The FAA began reducing the number of flights landing and departing from major airports by 4 % on Friday because of a shortage of air traffic controllers and Transportation Security Administration employees, both of which have been working 42 days without pay as of Tuesday.
Barring a last-minute change, the flight reduction is supposed to increase to 8% on Thursday and to 10% by Friday, the FAA said.
That plan was hatched before eight Democratic senators broke with their party late Monday to pass a bipartisan bill that would end the longest-ever government shutdown.
It still needs to be passed by the House and then signed by President Donald Trump — who has indicated he supports it — for the government to return to full functionality.
In a Truth Social post on Monday, Trump called out controllers he said were skipping work and suggested a $10,000 bonus for those who worked through the shutdown — even though he admitted he didn’t know where the money would come from.
Duffy called Trump's proposal "brilliant."
"They should get a bonus," he said. "The should go to the White House and get a check."
As for the controllers who missed days, Duffy they will "take action" but gave no specifics.
"I'm concerned about their patriotism," Duffy said.
Air traffic controllers are considered essential workers and are not allowed to walk off the job, even if they're not getting paid.
A 2018 law ensures that controllers who work during a government shutdown receive back pay.
Still, as the shutdown that began on Oct. 1 dragged on, airports reported a steady increase in the number of call-outs by controllers.
Meanwhile, the airlines struggled to get frustrated travelers to their destinations.
Earlier, Duffy reminded the airlines that it is their responsibility to refund travelers whose purchased flights canceled due to the FAA mandate.

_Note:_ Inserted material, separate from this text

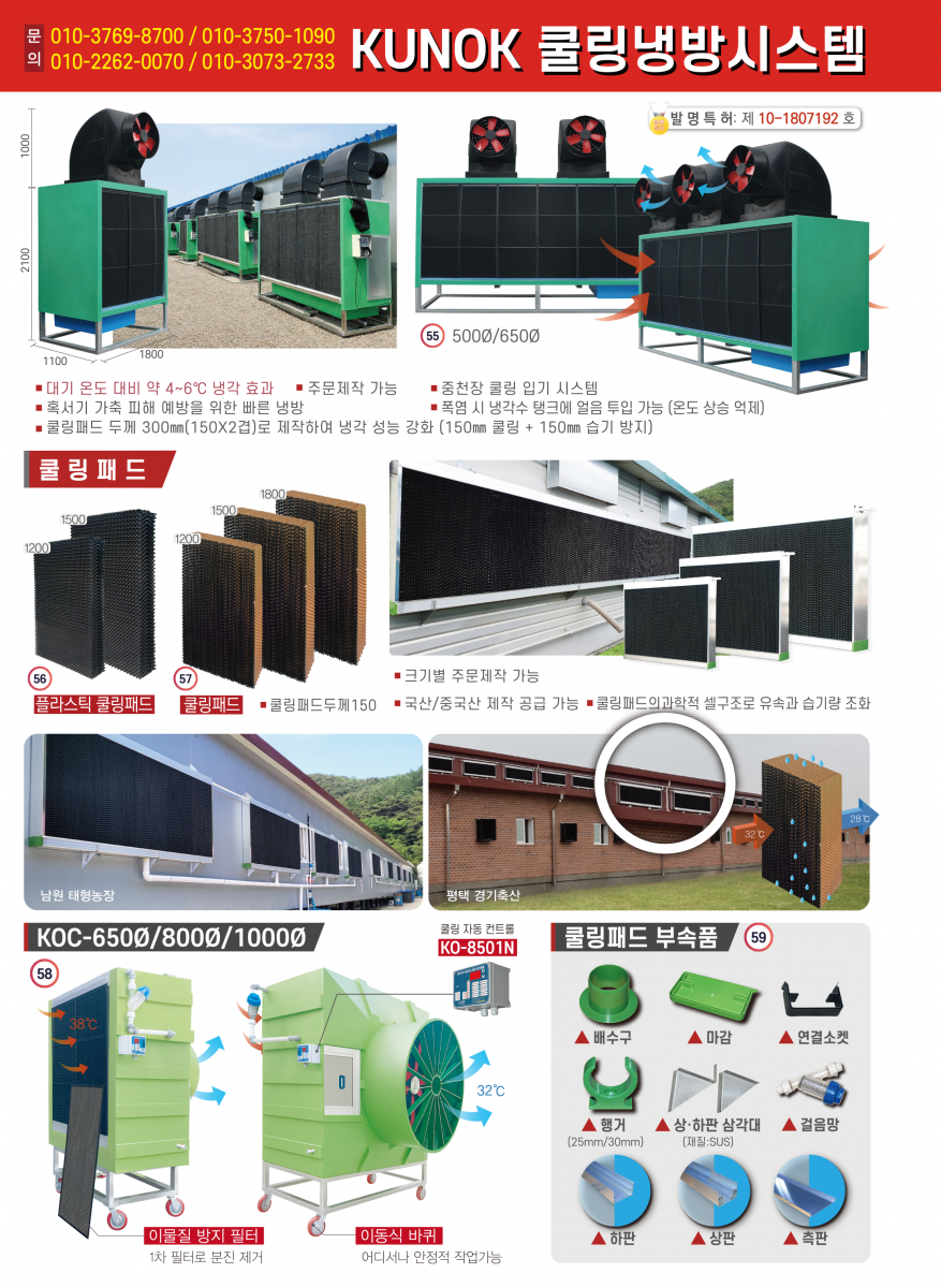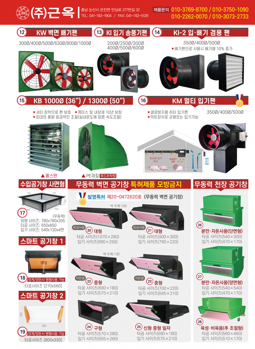 • 굴뚝휀, 배기휀, 후드, 공기창, 쿨링패드, 인큐베이터, , 쿨링냉방시스템, 바닥재, ICT 컨트롤러 등

He also said that the "stringent requirements" that typically apply to getting refunds have been removed.
Even if the shutdown ends later this week, Duffy said it could take much longer for the flight system to right itself and for flight schedules to return to 100%.
More than 2,400 U.S. flights were canceled Monday, with only 4% canceled as mandated by the FAA. More than 5 million air travelers have been affected by flight delays because airports lacked enough controllers to handle all the traffic, the FAA reported.

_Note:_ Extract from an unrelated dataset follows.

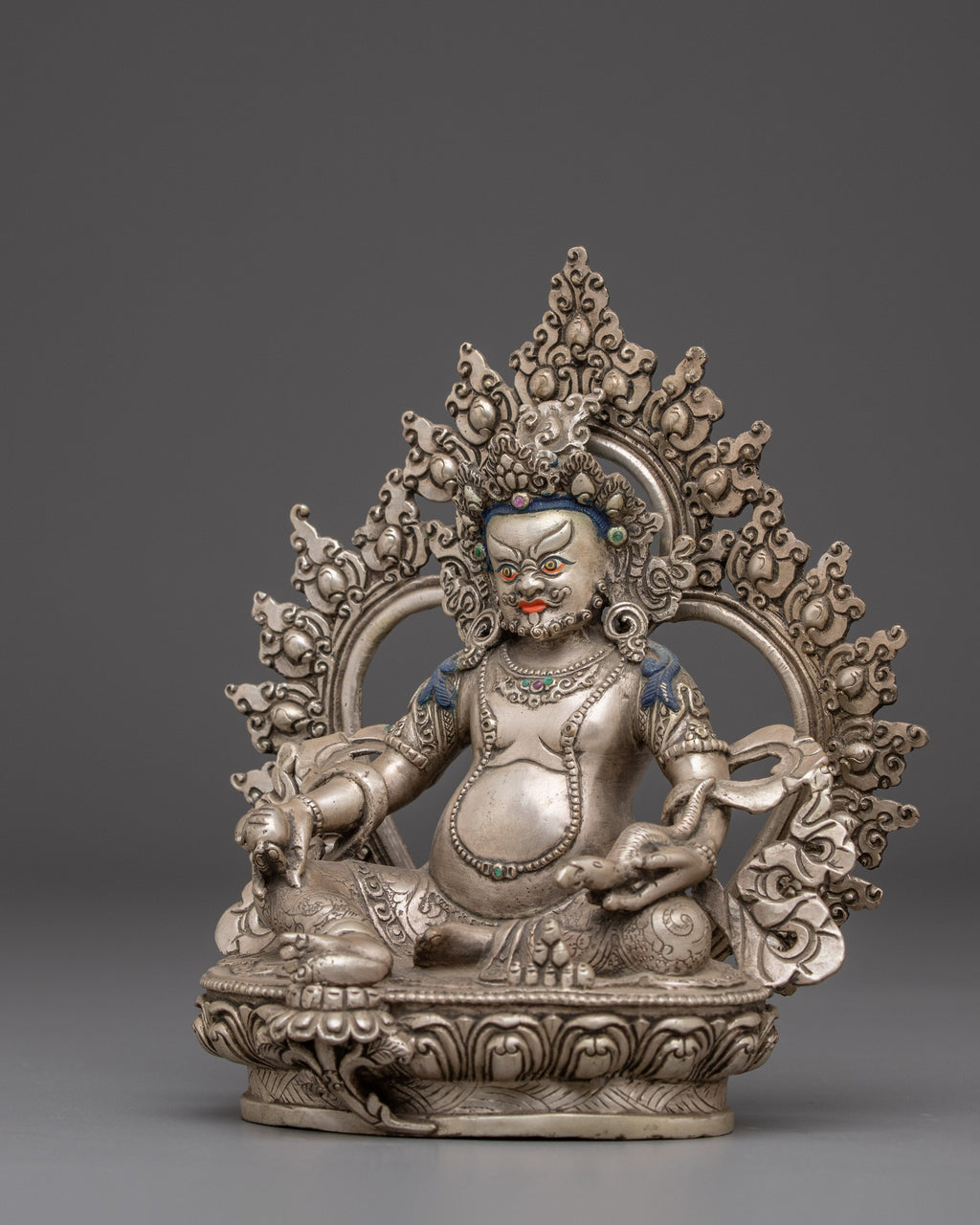 Dzambhala is a protective deity associated with wealth and prosperity. Many forms and traditions are associated with this wealthy deity, but he is usually depicted as yellow in color and holding a mongoose in his left hand. This statue has accurate traditional iconography and fine details.

Only 11 flights were canceled from Oct. 1 to Oct. 29 due to the same staffing issues, but the number of cancellations jumped to 4,162 from Oct. 30 to Nov. 9.

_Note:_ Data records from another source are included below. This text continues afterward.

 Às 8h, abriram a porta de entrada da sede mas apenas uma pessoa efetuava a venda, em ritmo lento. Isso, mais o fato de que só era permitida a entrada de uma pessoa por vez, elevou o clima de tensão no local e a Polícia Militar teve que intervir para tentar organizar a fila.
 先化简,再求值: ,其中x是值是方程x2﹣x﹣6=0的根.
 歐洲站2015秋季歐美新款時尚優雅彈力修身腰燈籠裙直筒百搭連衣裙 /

The vast majority of those cancellations — 3,756 — occurred from Nov. 7 to Nov. 9, when the FAA began mandating flight reductions at the 40 high-traffic airports.
Nick Daniels, president of the National Air Traffic Controllers Association, said the flight reductions had to be done because the strain on controllers puts the public at greater risk.
“This is the erosion of the safety margin the public never sees, but America relies on every single day,” Daniels said at a news conference.